## Directions for this task
Please give back, exactly as written, the lines from the line with "Die junge Frau" to the line with "(责任编辑:马欣) | 序号" in the listing below, leaving out all pictures.

## Supplied records
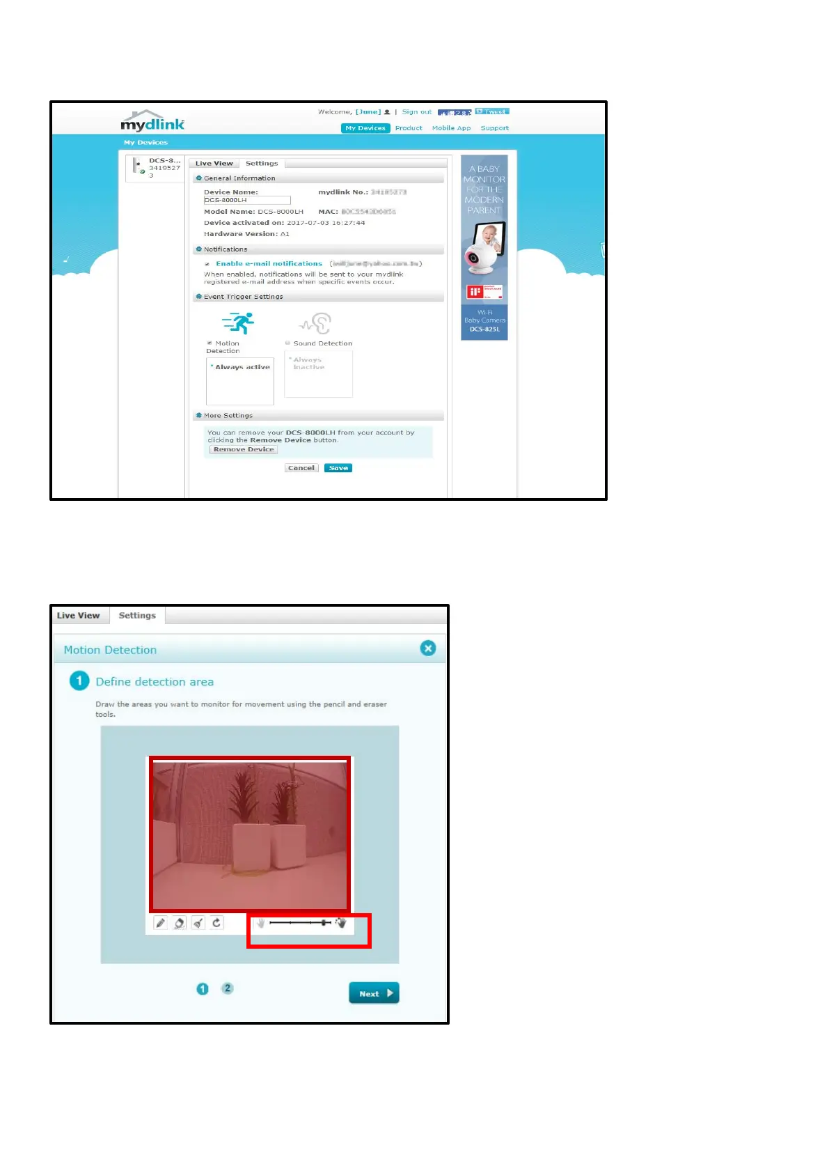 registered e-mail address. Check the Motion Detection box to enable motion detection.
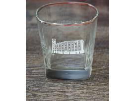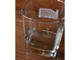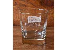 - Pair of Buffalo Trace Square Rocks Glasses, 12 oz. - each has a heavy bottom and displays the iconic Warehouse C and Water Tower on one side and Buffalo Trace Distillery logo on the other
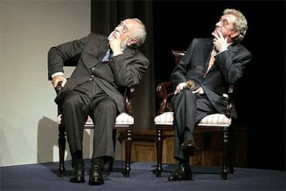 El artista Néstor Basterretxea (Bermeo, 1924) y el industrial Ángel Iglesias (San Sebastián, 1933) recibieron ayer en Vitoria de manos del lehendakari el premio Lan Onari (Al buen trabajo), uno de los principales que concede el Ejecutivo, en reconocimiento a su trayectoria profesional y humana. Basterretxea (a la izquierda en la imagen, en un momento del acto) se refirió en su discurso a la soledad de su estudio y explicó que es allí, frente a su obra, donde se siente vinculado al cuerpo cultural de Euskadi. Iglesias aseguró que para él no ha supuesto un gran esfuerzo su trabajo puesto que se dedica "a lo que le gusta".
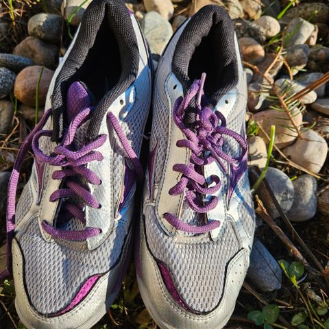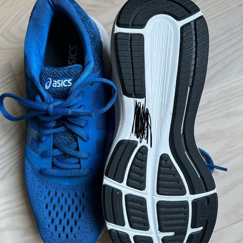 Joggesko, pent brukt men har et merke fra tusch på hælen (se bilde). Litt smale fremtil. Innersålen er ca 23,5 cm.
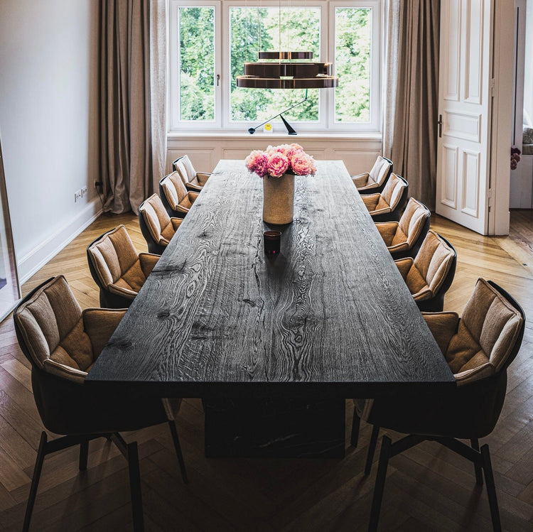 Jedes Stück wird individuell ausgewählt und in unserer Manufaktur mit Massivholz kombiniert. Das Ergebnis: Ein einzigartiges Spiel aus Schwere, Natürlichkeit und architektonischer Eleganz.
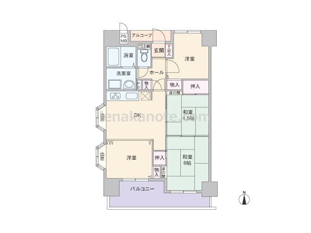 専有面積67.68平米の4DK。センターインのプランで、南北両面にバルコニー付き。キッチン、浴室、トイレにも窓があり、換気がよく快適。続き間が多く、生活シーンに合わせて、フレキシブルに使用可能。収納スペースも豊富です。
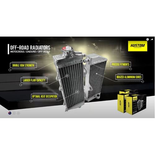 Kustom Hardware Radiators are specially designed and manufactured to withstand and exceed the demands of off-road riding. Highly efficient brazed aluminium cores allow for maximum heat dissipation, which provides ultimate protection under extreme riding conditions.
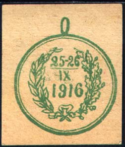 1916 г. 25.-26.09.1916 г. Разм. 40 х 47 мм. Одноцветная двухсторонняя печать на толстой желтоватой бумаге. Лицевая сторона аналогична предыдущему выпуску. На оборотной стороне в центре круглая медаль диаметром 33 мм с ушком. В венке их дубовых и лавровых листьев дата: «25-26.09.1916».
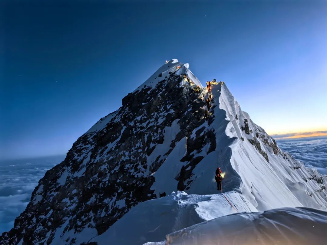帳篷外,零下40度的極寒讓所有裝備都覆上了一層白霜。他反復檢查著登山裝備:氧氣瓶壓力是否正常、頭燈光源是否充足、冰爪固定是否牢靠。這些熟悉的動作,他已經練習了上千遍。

...

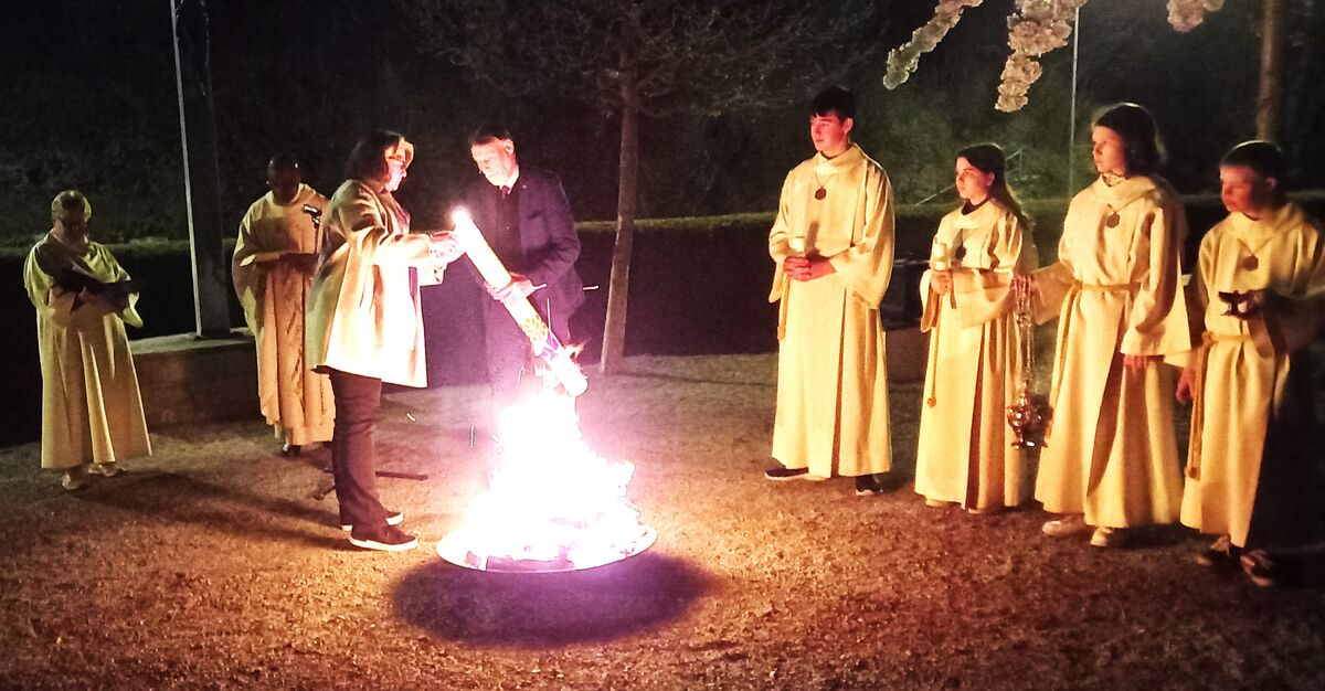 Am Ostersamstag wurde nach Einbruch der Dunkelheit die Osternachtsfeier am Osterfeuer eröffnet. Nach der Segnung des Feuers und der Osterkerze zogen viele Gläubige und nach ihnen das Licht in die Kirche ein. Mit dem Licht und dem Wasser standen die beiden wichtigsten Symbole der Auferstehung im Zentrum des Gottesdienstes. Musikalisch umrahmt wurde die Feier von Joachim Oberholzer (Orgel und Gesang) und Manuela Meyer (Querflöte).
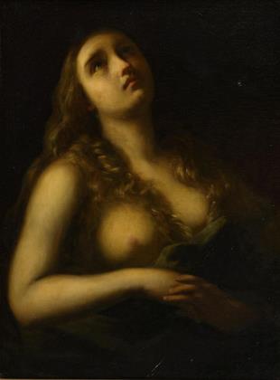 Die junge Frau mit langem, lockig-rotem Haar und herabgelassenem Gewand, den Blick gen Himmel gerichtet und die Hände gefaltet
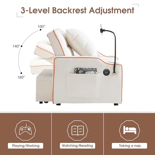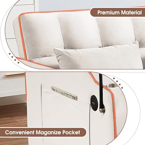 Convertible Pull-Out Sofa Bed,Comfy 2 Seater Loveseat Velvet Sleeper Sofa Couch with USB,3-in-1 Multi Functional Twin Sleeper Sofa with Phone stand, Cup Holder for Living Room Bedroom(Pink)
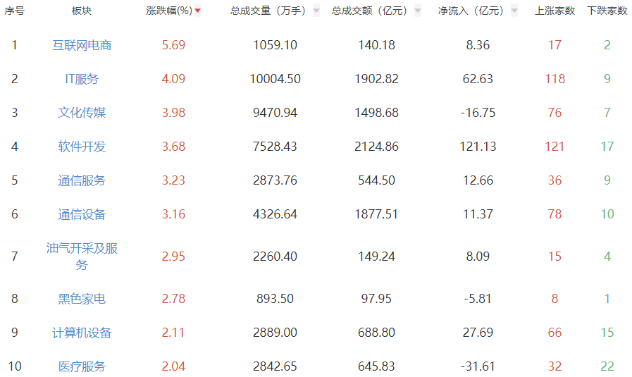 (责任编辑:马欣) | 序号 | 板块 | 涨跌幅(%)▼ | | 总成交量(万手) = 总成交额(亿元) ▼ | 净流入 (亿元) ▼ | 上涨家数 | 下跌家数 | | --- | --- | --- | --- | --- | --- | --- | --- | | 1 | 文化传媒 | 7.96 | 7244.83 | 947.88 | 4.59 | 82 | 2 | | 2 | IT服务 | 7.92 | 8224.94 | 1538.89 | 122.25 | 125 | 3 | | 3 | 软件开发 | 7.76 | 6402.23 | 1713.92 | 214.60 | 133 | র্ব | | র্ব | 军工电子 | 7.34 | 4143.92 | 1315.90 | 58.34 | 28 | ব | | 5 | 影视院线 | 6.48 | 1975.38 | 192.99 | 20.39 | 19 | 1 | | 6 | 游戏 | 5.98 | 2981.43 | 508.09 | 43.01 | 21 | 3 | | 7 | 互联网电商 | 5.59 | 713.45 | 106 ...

...

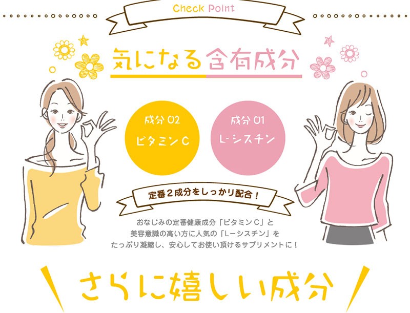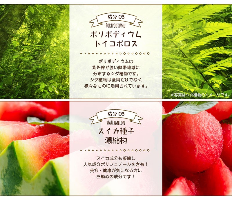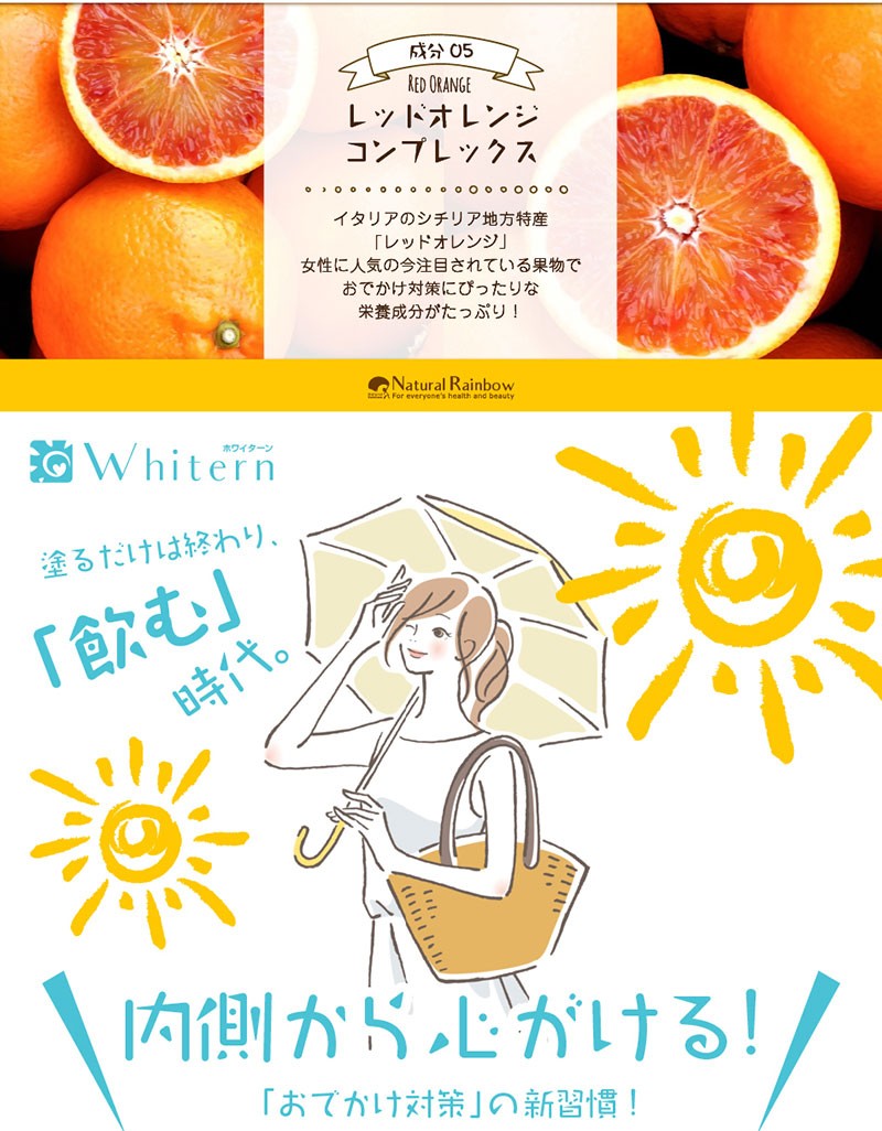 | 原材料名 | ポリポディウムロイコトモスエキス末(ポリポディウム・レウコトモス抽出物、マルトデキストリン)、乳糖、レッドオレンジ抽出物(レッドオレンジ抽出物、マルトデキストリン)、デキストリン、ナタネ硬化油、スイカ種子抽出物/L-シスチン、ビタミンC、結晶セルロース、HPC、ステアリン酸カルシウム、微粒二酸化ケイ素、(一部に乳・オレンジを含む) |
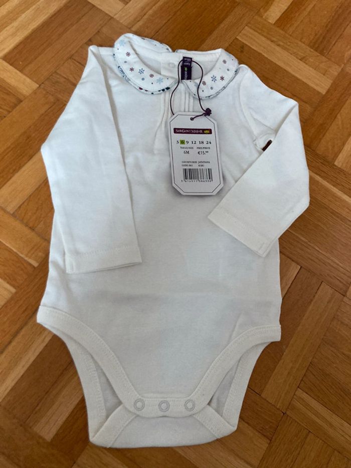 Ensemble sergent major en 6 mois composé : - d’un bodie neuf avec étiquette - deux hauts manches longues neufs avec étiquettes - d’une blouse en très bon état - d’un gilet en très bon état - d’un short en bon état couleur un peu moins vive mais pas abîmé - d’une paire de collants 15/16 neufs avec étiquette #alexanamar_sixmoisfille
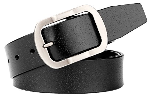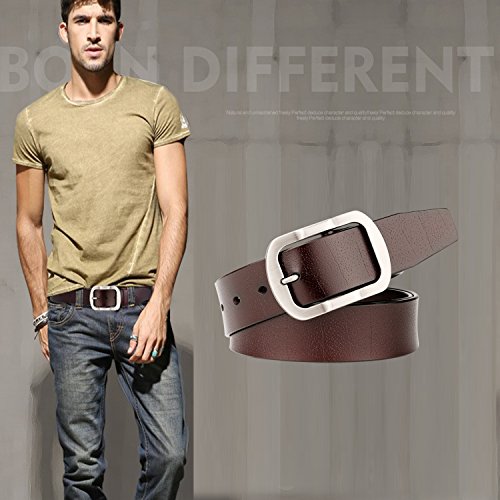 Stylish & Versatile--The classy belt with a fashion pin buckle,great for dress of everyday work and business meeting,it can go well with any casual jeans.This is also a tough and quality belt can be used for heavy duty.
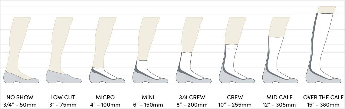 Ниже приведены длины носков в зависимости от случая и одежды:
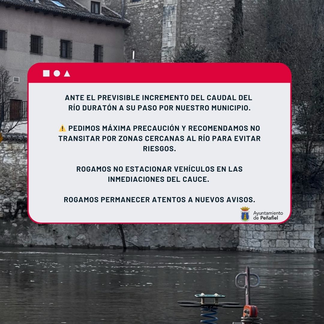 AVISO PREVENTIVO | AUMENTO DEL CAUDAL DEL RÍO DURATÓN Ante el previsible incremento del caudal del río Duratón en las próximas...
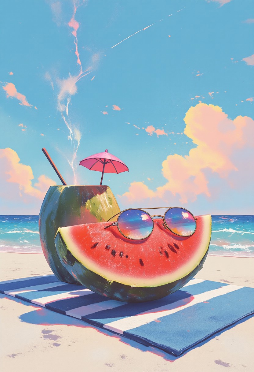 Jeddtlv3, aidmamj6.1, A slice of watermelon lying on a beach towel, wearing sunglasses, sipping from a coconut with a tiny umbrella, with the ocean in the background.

## Solution
 Die junge Frau mit langem, lockig-rotem Haar und herabgelassenem Gewand, den Blick gen Himmel gerichtet und die Hände gefaltet
 Convertible Pull-Out Sofa Bed,Comfy 2 Seater Loveseat Velvet Sleeper Sofa Couch with USB,3-in-1 Multi Functional Twin Sleeper Sofa with Phone stand, Cup Holder for Living Room Bedroom(Pink)
 (责任编辑:马欣) | 序号 | 板块 | 涨跌幅(%)▼ | | 总成交量(万手) = 总成交额(亿元) ▼ | 净流入 (亿元) ▼ | 上涨家数 | 下跌家数 | | --- | --- | --- | --- | --- | --- | --- | --- | | 1 | 文化传媒 | 7.96 | 7244.83 | 947.88 | 4.59 | 82 | 2 | | 2 | IT服务 | 7.92 | 8224.94 | 1538.89 | 122.25 | 125 | 3 | | 3 | 软件开发 | 7.76 | 6402.23 | 1713.92 | 214.60 | 133 | র্ব | | র্ব | 军工电子 | 7.34 | 4143.92 | 1315.90 | 58.34 | 28 | ব | | 5 | 影视院线 | 6.48 | 1975.38 | 192.99 | 20.39 | 19 | 1 | | 6 | 游戏 | 5.98 | 2981.43 | 508.09 | 43.01 | 21 | 3 | | 7 | 互联网电商 | 5.59 | 713.45 | 106 ...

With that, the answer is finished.